EX-10.1 4 ex10-1.htm EXHIBIT 10.1 ex10-1.htm

Exhibit 10.1



Lessor: The Castine Group

Lessee: Viveve, Inc.

Premises: 150-154 Commercial Street, Sunnyvale, CA



THIS FIRST AMENDMENT TO LEASE (this “Amendment”) is entered into this 15th day of January, 2015 between The Castine Group, a California corporation (“Lessor”) and Viveve, Inc., a Delaware corporation (“Lessee”), in connection with that certain Standard Industrial/Commercial Multi-Lessee Lease – Gross (the “Lease”) dated, for reference purposes, January 25, 2012 for the above described Premises. In the event of any inconsistency between the terms of the Lease and the terms of this Amendment, the terms of this Amendment shall control.


1.     Defined Terms. All terms capitalized herein shall have the same meanings ascribed to them in the Lease, unless otherwise defined herein.


2.     Term. The Term of the Lease is hereby extended, effective March 1, 2015, and shall expire on March 31, 2017 (the “Extended Term”). While this Amendment is effective and binding upon execution and delivery, the terms set forth in this Amendment shall apply commencing on March 1, 2015.


3.     Base Year. Paragraph 4.2 is amended by changing the “Base Year” to calendar year 2015


4.     Base Rent for Extended Term. Base Rent shall be fixed and adjusted pursuant to the following schedule:


 March 1-31, 2015:

 Rent is abated

 April 1, 2015 – March 31, 2016:

 $18,665.00 per month

 April 1, 2016 – March 31, 2017: 

 $19,225.00 per month


5.     Lessee Improvements. Lessee has expressed preliminary interest in the Tenant improvements set forth below. Lessee shall deliver to Lessor, not later than January 31, 2015 (a) written itemization of which of the listed Tenant Improvements Lessor shall undertake on Lessee’s behalf, together with (b) fifty percent (50%) the cost of such Tenant Improvements, as set forth below:



 Replace ten (10) existing 4’ linear light fixtures in private offices - $6,300.00


 Replace two (2) existing 8’ linear light fixtures in private offices - $2,100.00


 Install four (4) duplex electrical outlets in open space of 156 Commercial - $550.00


 Install window blinds - $1,600.00


 Mailbox - $500.00


 Soap dispensers (portable soap dispenser to be provided by Lessee)


Lessor shall install the improvements upon receipt of Lessee’s designation and its payment of 50% of the costs therefor. The remaining 50% of the cost shall be paid by Lessee to Lessor within ten (10) days after Substantial Completion of the improvements.

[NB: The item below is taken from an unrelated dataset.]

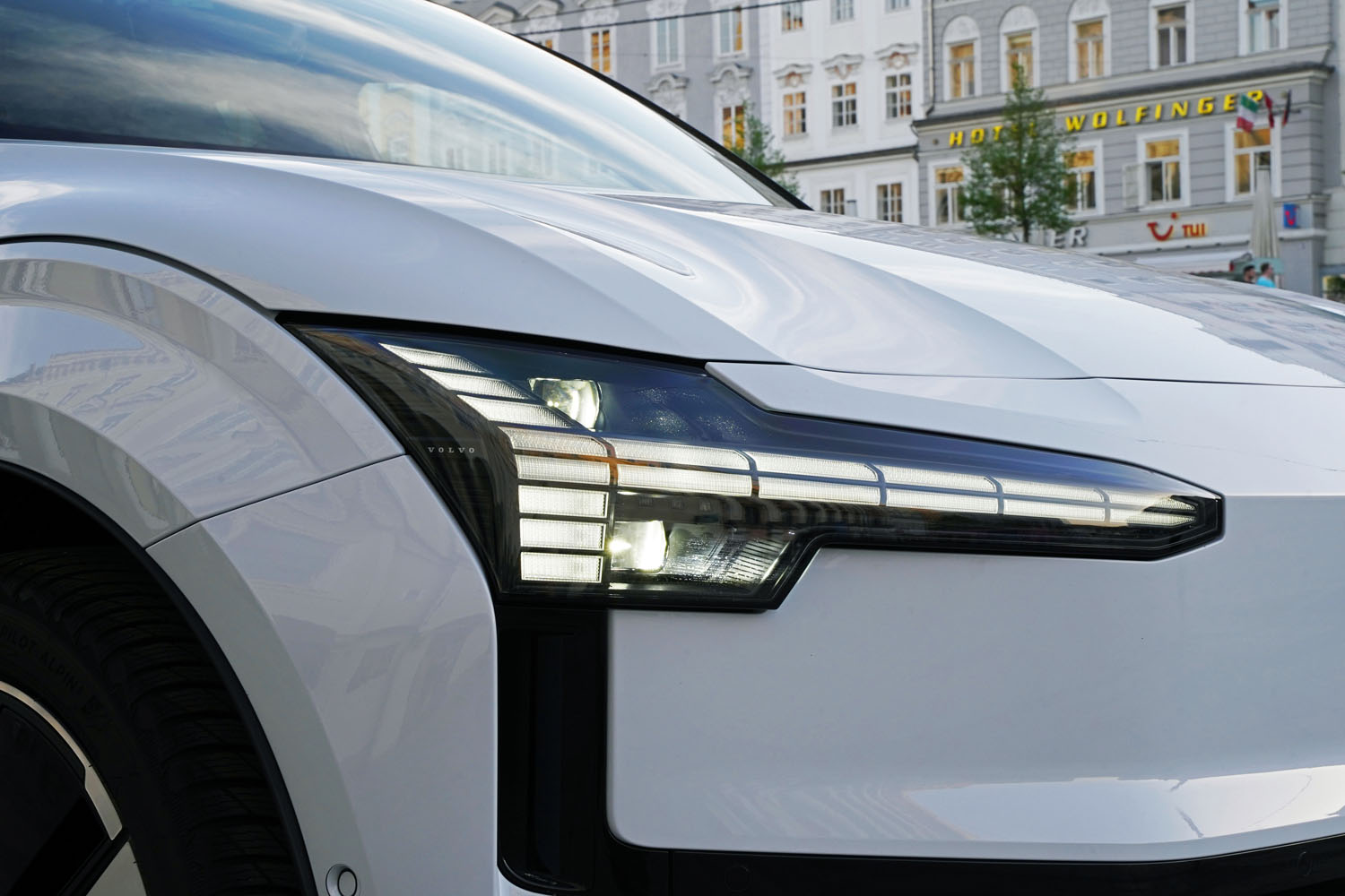 Die österreichische Niederlassung des Fahrzeugproduzenten stellte mir den Volvo EX30 für einen ausführlichen Test zwei Wochen lang zur Verfügung. Ich durfte mir den kompakten SUV in der Top-Ausstattung „Ultra“ und der leistungsstärksten Motorisierung mit Allradantrieb bei Automobile Schmidt in Salzburg abholen. Ausgestattet mit 20-Zoll-Rädern im sportlichen 5-Speichen-Design ist der kleine SUV trotz der kompakten Abmessungen eine imposante Erscheinung. Sehr interessant auch die Farbe „Cloud Blue“ – das blasse Blau wirkt je nach Lichteinstrahlung unterschiedlich intensiv. Am besten kommt der Farbton in der Dämmerung oder bei schwachem Licht zur Geltung.

6.     Additional Alterations. Lessee may request that Lessor provide undertake additional Alterations during the Extended Term, which Lessor may approve or deny in its sole discretion. If Lessor approves the requested Alterations, Lessor shall obtain bids for the completion of such Alterations. Lessee shall pay the cost of such Alterations to Lessor, fifty (50%) percent prior to Lessor’s commencement of the Alterations, and the balance within ten (10) days after Substantial Completion of such Alterations.


7.     Security Deposit. The parties acknowledge that the original Security Deposit, in the amount of $41,529.00, has been reduced in accordance with Paragraph 5 of the Lease to $13,843.00. Said Security Deposit shall continue to be held by Lessor for the Extended Term.


8.     Brokers. Lessor has been represented in connection with this Amendment by Cassidy Turley, and Lessee has been represented by Jones Lang LaSalle. Lessor shall pay a commission equal to three (3%) percent of the Base Rent payable over the Extended Term to Cassidy Turley, and an additional three (3%) percent of the Base Rent to Jones Lang LaSalle.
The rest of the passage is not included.